# Would a SMPS which upconverted be too lossy?



## chiques (Mar 9, 2009)

I really don't like the idea of having hundreds of volts along with hundreds of amps in my car; it just doesn't seem safe. I'm looking into designing a switched mode power supply that will convert (in theory) 12-20VDC to 80- 160 VDC. There would probably be many parallel boards (due to the current requirements), but I'm just curious on what efficiency and loss I'm looking at here. I would appreciate any opinions.


----------



## Amberwolf (May 29, 2009)

You're probably going to lose a whole lot of power doing that kind of conversion.

That said, I've seen a Yahoo discussion group for a bicycle motor controller that does boost conversion as you want to do; you might be able to upscale it to higher power levels. 
I think this was it:
http://tech.groups.yahoo.com/group/switchmode/
________
Paxil lawyer


----------



## Gavin1977 (Sep 2, 2008)

Put simply. Yes.
For many reasons.

1st, for a performance car, you're looking at 1000A at 144v, so you are looking at >10,000A @ 12v. The weight of the cable alone would be considerable. Not to mention your IsquaredR losses.

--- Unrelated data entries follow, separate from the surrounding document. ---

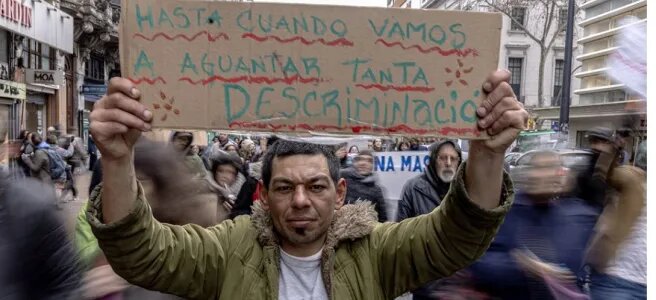 “Hay pocas políticas que estén pensadas para mejorar; es muy difícil, hay un millón de cosas que hacen dudar de que algún día va a haber una solución real”, reflexionó el representante de la coordinadora. A su vez, explicó que las escobas que se utilizaron en la marcha son parte de una “crítica” nacida en “la indignación de los trabajos protegidos”. “Protegidos para quién, por quién, de qué”, cuestionó. Por otro lado, detalló que la cinta rosada –atada en los brazos de muchos de los presentes– representa para los colectivos el “autocuidado” que ejerce hacia sí misma la comunidad en situación de calle.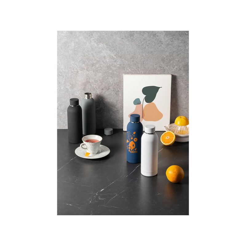Термобутылка из нержавеющей стали с soft-touch покрытием, двойной корпус с вакуумной изоляцией и вместимостью до 550 мл.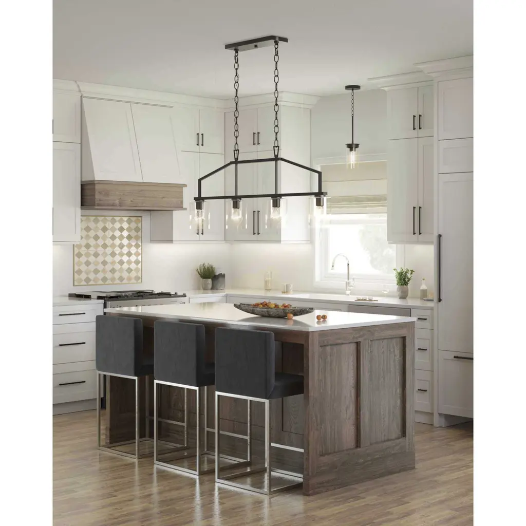 The Goodwin Island Light features a clean design that seamlessly blends with today's modern decor. Angular, crisp lines highlight the frames modern profile. Columns of clear glass shade offer bright illumination for dining rooms, kitchens and bars in modern farmhouse settings.
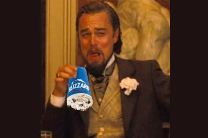這是一張合成迷因圖,將李奧納多·狄卡皮歐在電影《決殺令》中的酒杯換成了Dairy Queen的暴風雪冰淇淋杯。這是一個關於在最戲劇性的場景中,仍舊沉溺於「罪惡的快樂」的玩笑。這張迷因圖常用來慶祝一些小勝利,例如完成一個工作專案,用你最喜歡的點心來舉杯慶祝——根本不需要什麼高腳杯啦!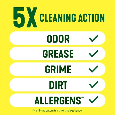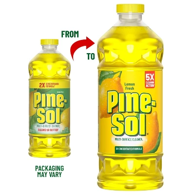 With Pine-Sol Lemon Fresh Multi-Surface Cleaner, you only need one cleaner to fight tough dirt, grease and grime. This lemon scented Pine-Sol gives you 5X cleaning action as it deodorizes, cuts through grease, removes grime, tackles tough dirt and removes 99% of allergens (1), all while leaving a bright and vibrant Lemon Fresh scent that transports your senses to a sundrenched lemon grove. Pine-Sol Lemon Fresh cleans (almost) anything: Pine-Sol is suitable for use on sealed wood, tile, stone, porcelain, glass and more when used as directed. Do not use on marble, aluminum, copper or wood that is unfinished, unsealed, unpainted, waxed, oiled or worn. (1) Non living dust mite matter and pet dander. (2) Vs. unconcentrated Pine-Sol Multi-Surface Cleaner.Usage Directions: GENERAL CLEANING: Mix 1/8 cup per gallon of water. Mop, wipe or spray with solution. Prepare solutions daily. HEAVY DUTY: For tough jobs, use full strength and rinse immediately. Do not use on marble, aluminum, copper or wood that is unfinished, unsealed, unpainted, waxed, oiled or worn. Do not use or mix with bleach-containing products.Caution Statements: CAUTION: EYE IRRITANT. Do not get in eyes. FIRST AID: EYES: Rinse with water for 15-20 minutes. Call a doctor or poison control center if irritation persists. KEEP OUT OF REACH OF CHILDREN AND PETS.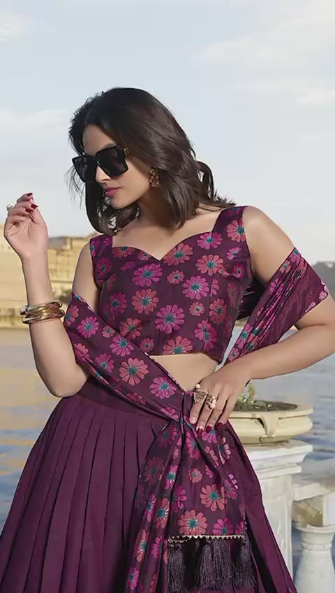 Tusser silk Floral Print With Foil Work Wine lehenga choli
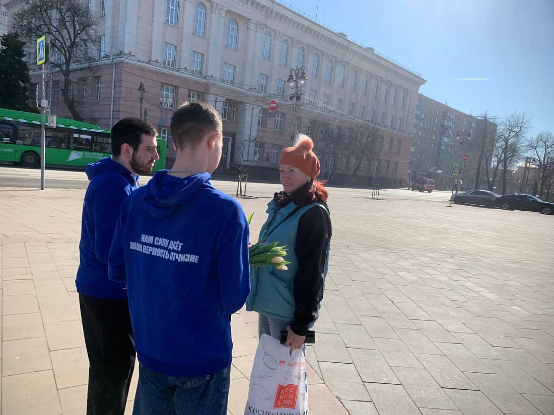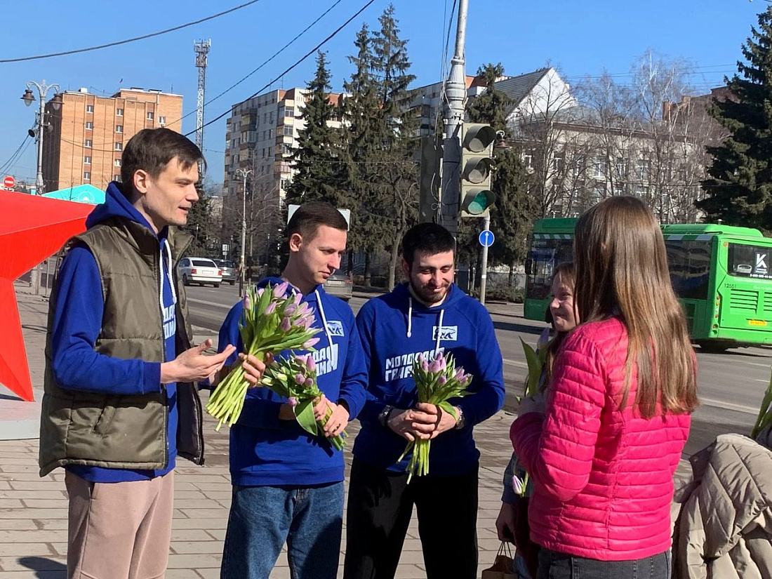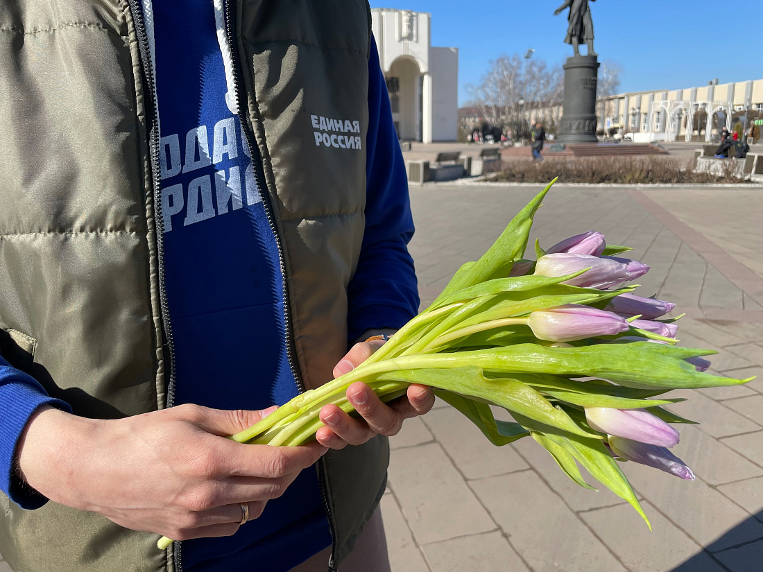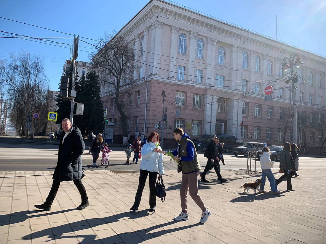 Активисты подарили тюльпаны женщинам в центре Курска

As an electronic engineer, I would be looking to up the system voltage, not reduce it.

As long as the appropriate precautions are taken, such as fuses, circuit breakers, adequate insulation, I really dont see a problem with high voltages on cars.


----------



## jockepocke (Nov 24, 2009)

Gavin1977 said:


> Put simply. Yes.
> For many reasons.
> 
> 1st, for a performance car, you're looking at 1000A at 144v, so you are looking at >10,000A @ 12v. The weight of the cable alone would be considerable. Not to mention your IsquaredR losses.
> ...


I agree, also it is not the voltage that is dangerous, (you can have an electrostatic shock of several thousand volts with no harm whatsoever), it is the current, however, with electric cars, the power is high enough to cause harm, yes. 

A higher voltage system will theoretically have less losses due to heat in conductors and cables, and also require much smaller cables.


----------



## Sunking (Aug 10, 2009)

chiques said:


> I really don't like the idea of having hundreds of volts along with hundreds of amps in my car; it just doesn't seem safe.


Besides the points others have made, I don't understand your logic. The whole point of using higher voltage is lower amperage and higher efficiency. To go from a low voltage at extremely high current, to higher voltage at lower currents is just not logical. You would have to give up most of the benefits of an EV going that route.


----------



## chiques (Mar 9, 2009)

Thanks everyone. I really appreciate the feedback.


----------